When people self-diagnosis they are doing the exact same process as medical doctors - gathering data, looking over tests and biomarkers, soliciting interviews from patients with the suspected condition. In fact they're doing more science than most doctors. And they're often doing better science. They're looking at huge patient communities. They're collecting and reading targeted information and going through up to date literature. And they're claiming knowledge about their own bodies that doctors cannot and will never hold. Self diagnosis is just as valid as medical diagnosis; the only difference is the criteria by which we judge our cases. There are plenty of "rare" diseases defined by clinical assessments alone, that have no real tests; the only difference is who is doing the assessment. The medical community does not have a monopoly over the ability to make empirical observations, to gather data, to research patterns, to speak to patient communities, and to come to conclusions. The science is flawed, no matter who is doing it. 

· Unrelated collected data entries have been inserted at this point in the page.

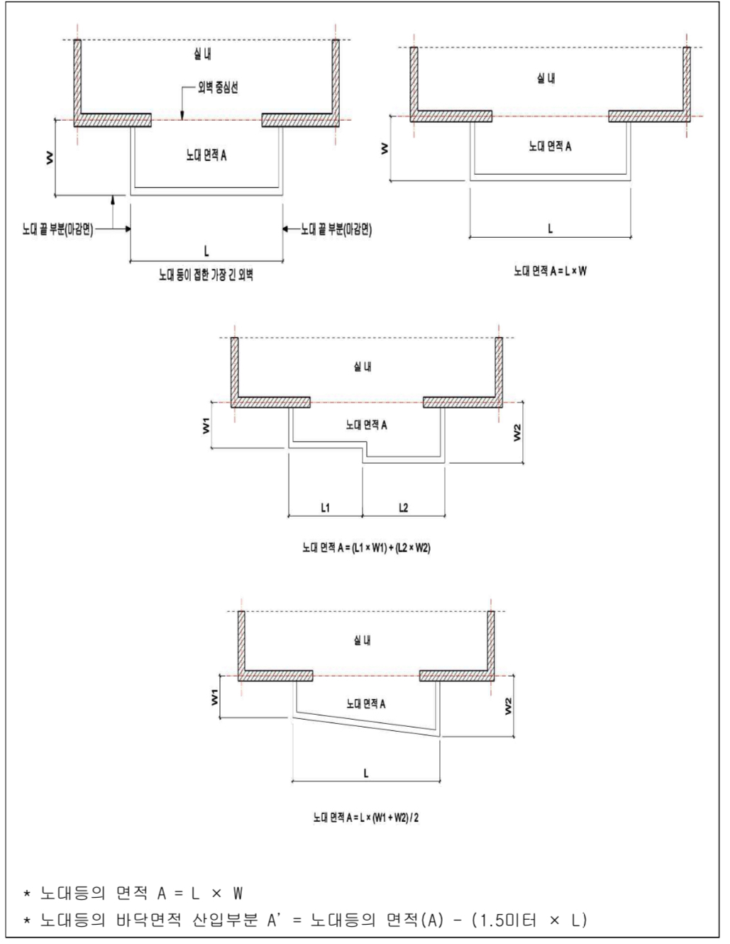 노대면적 - (1.5 x 외벽에 접하는 변)
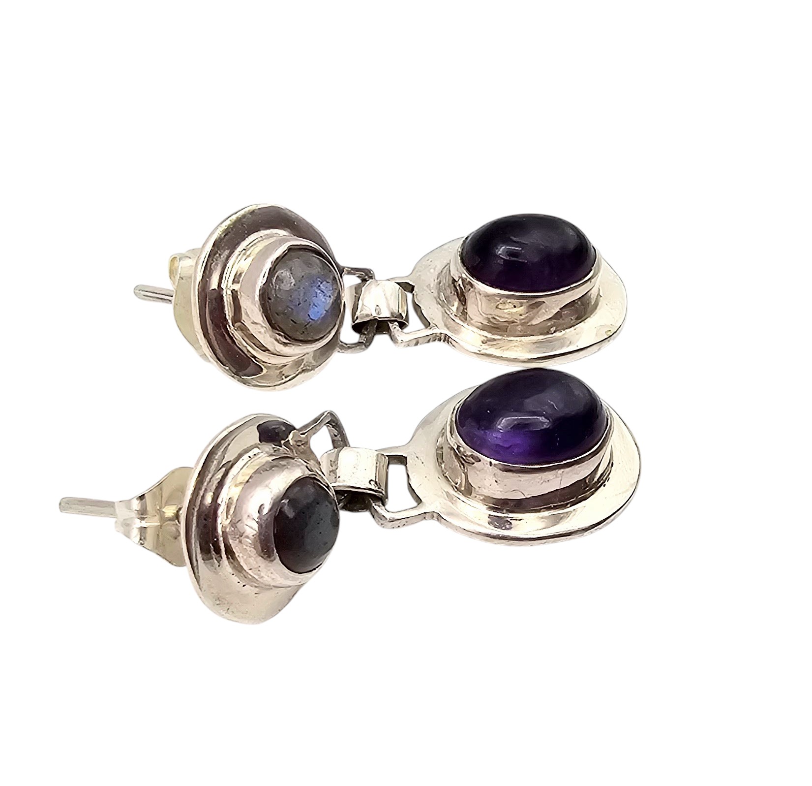 Mexico Sterling labradorite Amethyst Drop Dangle Earrings 5.9 G
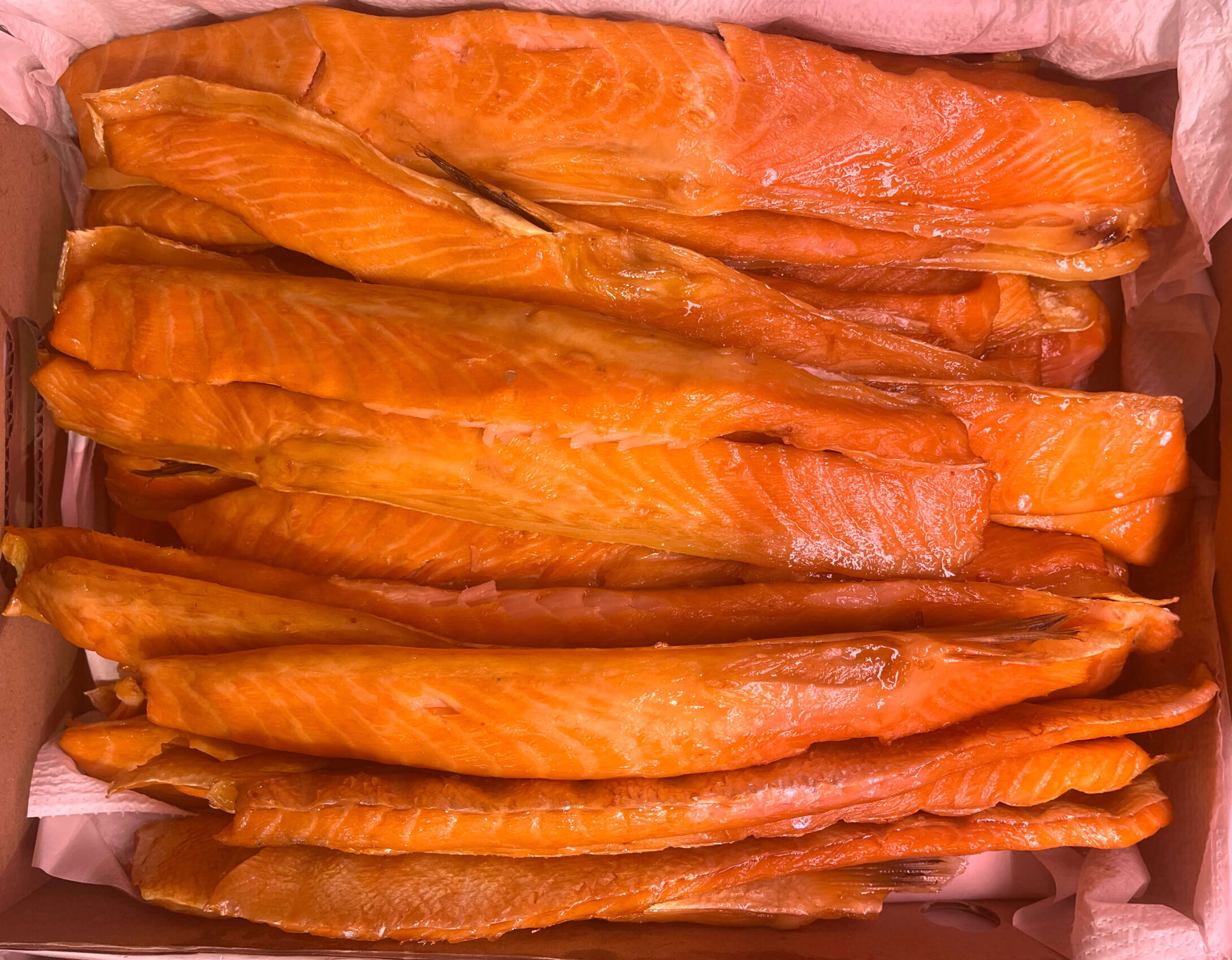 Brzuszki z łososia to najbardziej soczysta, tłuściutka i aromatyczna część ryby, ceniona za intensywny smak i delikatną strukturę. Idealne do zjedzenia z pieczywem, do makaronu lub risotto.
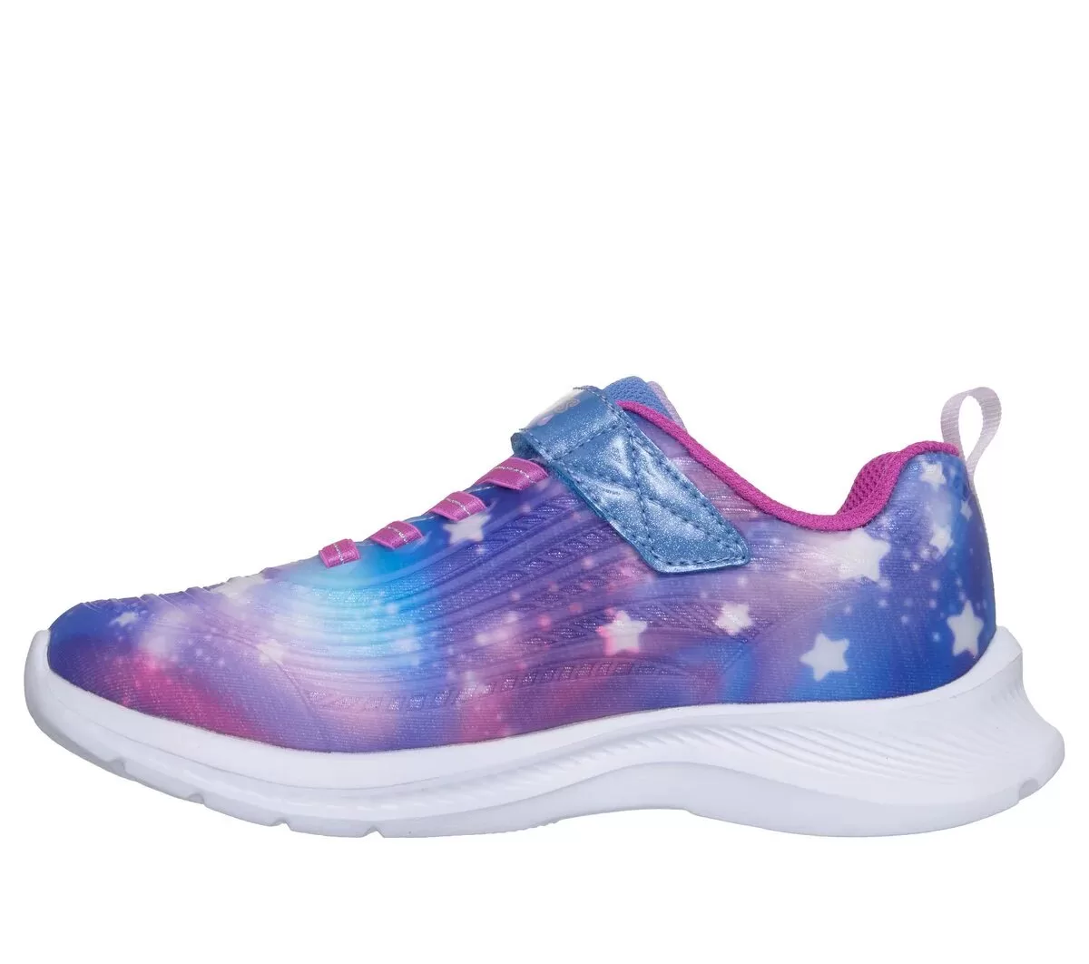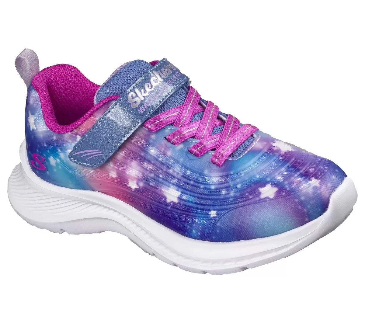 Reach for the stars in comfort and style with Skechers Jumpsters 2.0 – Horizon Sky. This water-repellent Skechers adaptive closure design features a star print synthetic upper with translucent Tuff-Tech overlays, stretch laces, and a hook-and-loop instep strap.
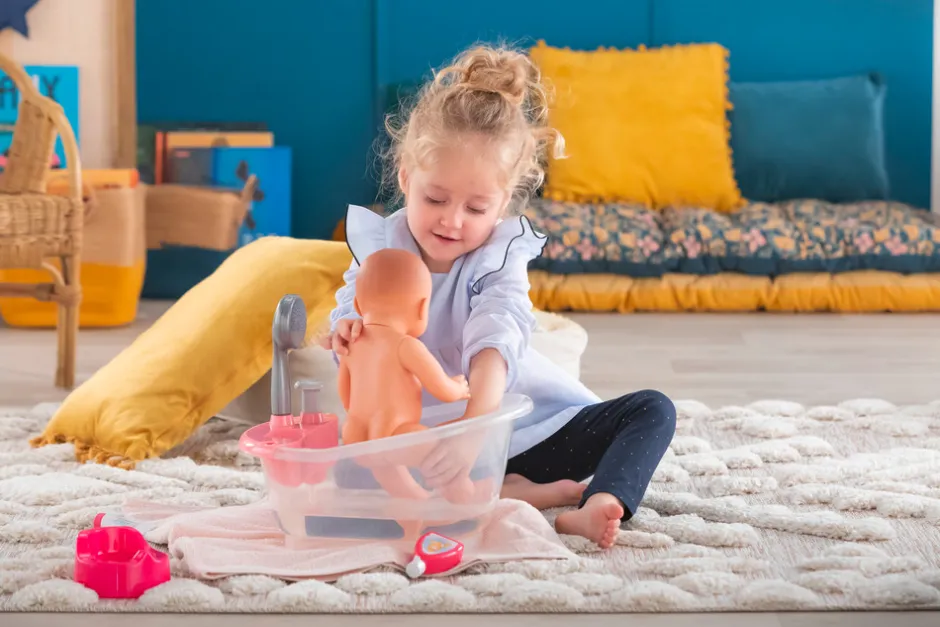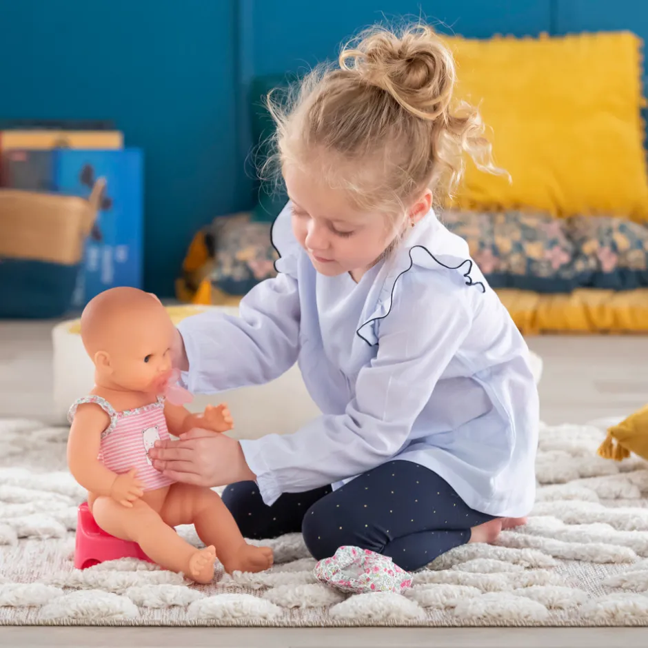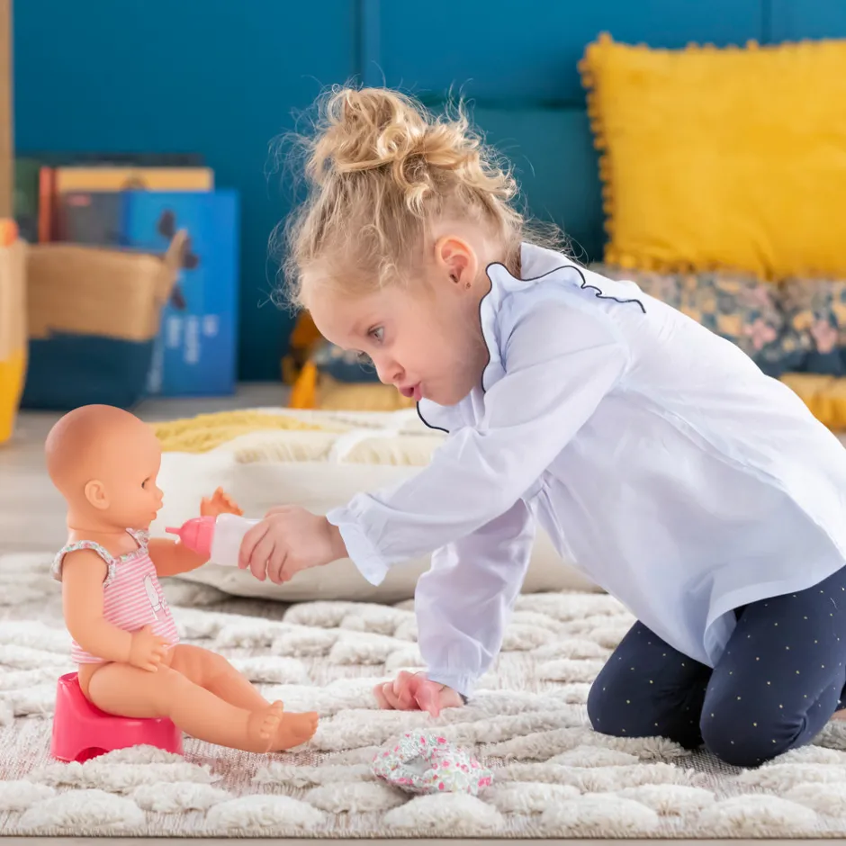 Denne søde babydukke er perfekt til små børn fra 2 år og opefter. Dukken kan drikke af sin flaske og tisse i potten, hvilket gør legen endnu mere realistisk og sjov. Den kan også bades, så dit barn kan tage den med i badekarret for endnu mere leg og hygge.
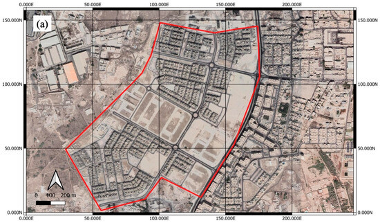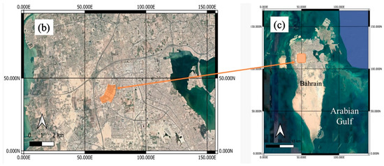 The Al Ramila suburb is one of several projects being created in Bahrain to meet the demand for housing. The Al Ramli suburb area covers 107.216 hectares. Figure 2a illustrates the exact bounds of the Al Ramila suburb, while Figure 2b,c depict the precise micro and macro locations, respectively. The suburb is extended from 50°30′26.47″ E to 50°31′15.00″ E and from 26°10′03.26″ N to 26°10′46.29″ N.
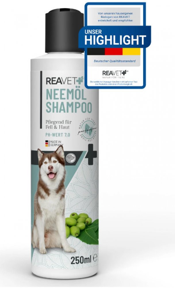 Náš REAVET šampon s neemovým olejem pro psy dodává srsti nový lesk! Kromě výživných a čistících složek tento šampon pro psy obsahuje vysoce kvalitní, za studena lisovaný neemový olej a neemový extrakt. Ideální na použití proti svědění, napadení hmyzem, roztoči a při podrážděné pokožce. Hodnota pH 7,0 je dokonale přizpůsobena pokožce psa. Neemový olej je také zdravější alternativou k chemickým prostředkům – může působit antivirově a podporovat pokožku po napadení parazity!
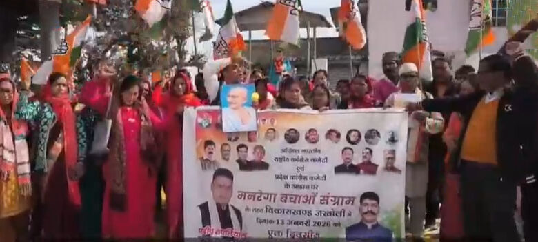 जखोली में कांग्रेस ने मनरेगा नाम बदलने को लेकर धरना प्रदर्शन कर जताया विरोध
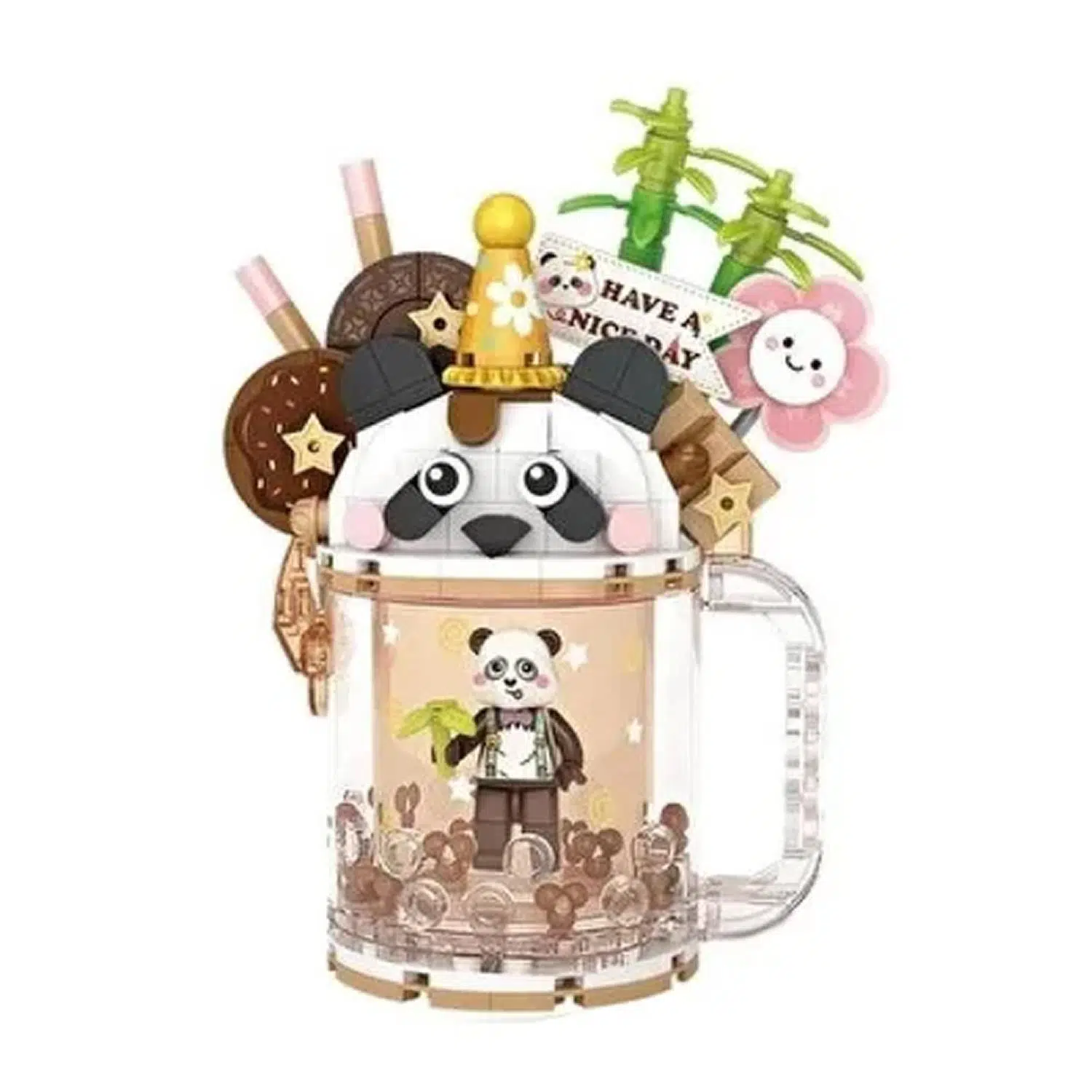 Panda Ayı Dondurma Kupası 297 Parça Block Oyuncak, sevimli panda figürü ve dondurma kupası formundaki özgün tasarımıyla hem eğlenceli bir montaj süreci hem de dekoratif bir sergileme imkânı sunar.
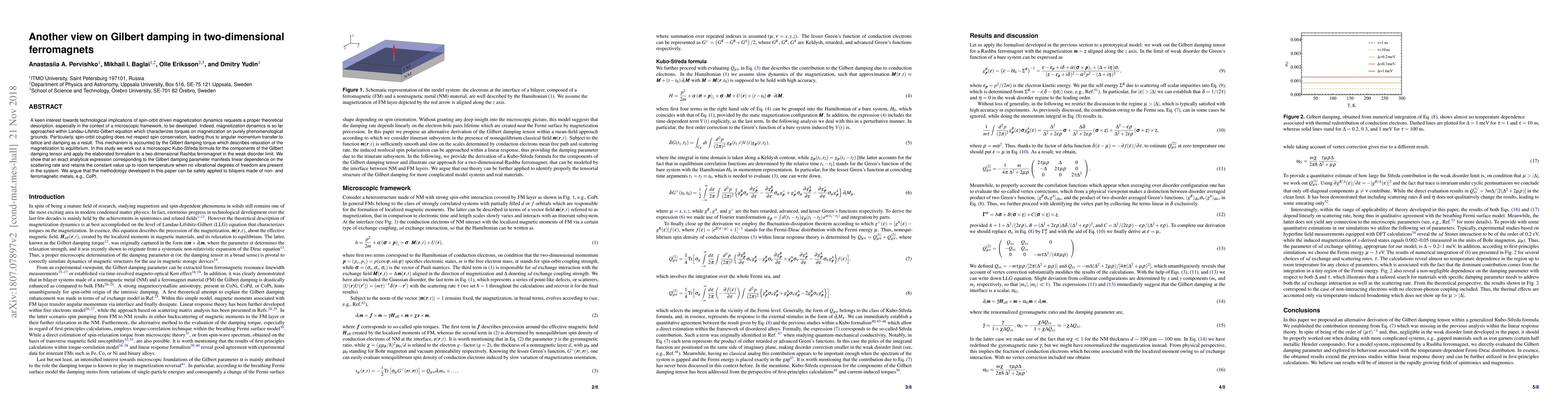 A keen interest towards technological implications of spin-orbit driven magnetization dynamics requests a proper theoretical description, especially in the context of a microscopic framework, to be developed. Indeed, magnetization dynamics is so far approached within Landau-Lifshitz-Gilbert equation which characterizes torques on magnetization on purely phenomenological grounds. Particularly, spin-orbit coupling does not respect spin conservation, leading thus to angular momentum transfer to lattice and damping as a result. This mechanism is accounted by the Gilbert damping torque which describes relaxation of the magnetization to equilibrium. In this study we work out a microscopic Kubo-St\v{r}eda formula for the components of the Gilbert damping tensor and apply the elaborated formalism to a two-dimensional Rashba ferromagnet in the weak disorder limit. We show that an exact analytical expression corresponding to the Gilbert damping parameter manifests linear dependence on the scattering rate and retains the constant value up to room temperature when no vibrational degrees of freedom are present in the system. We argue that the methodology developed in this paper can be safely applied to bilayers made of non- and ferromagnetic metals, e.g., CoPt.
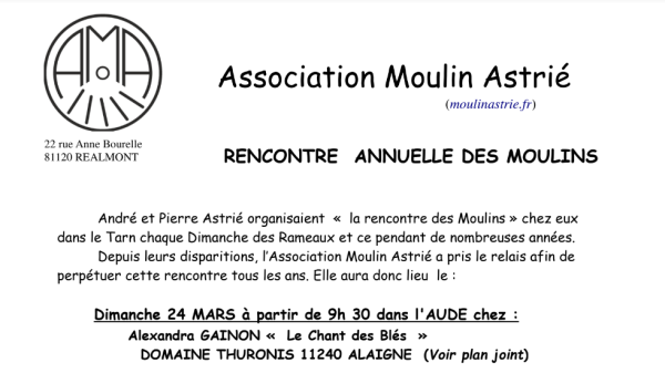 André et Pierre Astrié organisaient « la rencontre des Moulins » chez eux dans le Tarn chaque Dimanche des Rameaux et ce pendant de nombreuses années.

The real question is: why are patients seeking answers treated as if they are incapable of practicing these basic approaches to science? And why is formal medical training treated as the only way of truly knowing the body? Self diagnosis is valid, it's understandable, and it literally saves lives. To treat patients as if they're incapable of this work or uninformed is to stake a claim that power and privilege over care and knowledge belong to medical professionals alone.

 ETA: This 30 minute Healthy Gamer video that explains the problem with self-diagnosis is that people often don't look to what else might be causing those symptoms. For instance, they might have trouble focusing and check all the ADHD boxes, but it turns out to be a vitamin deficiency or PTSD. It's important to start by figuring out what it isn't before figuring out what it is. So if you do self-diagnose, then also consider if there's anything else that could be causing those symptoms.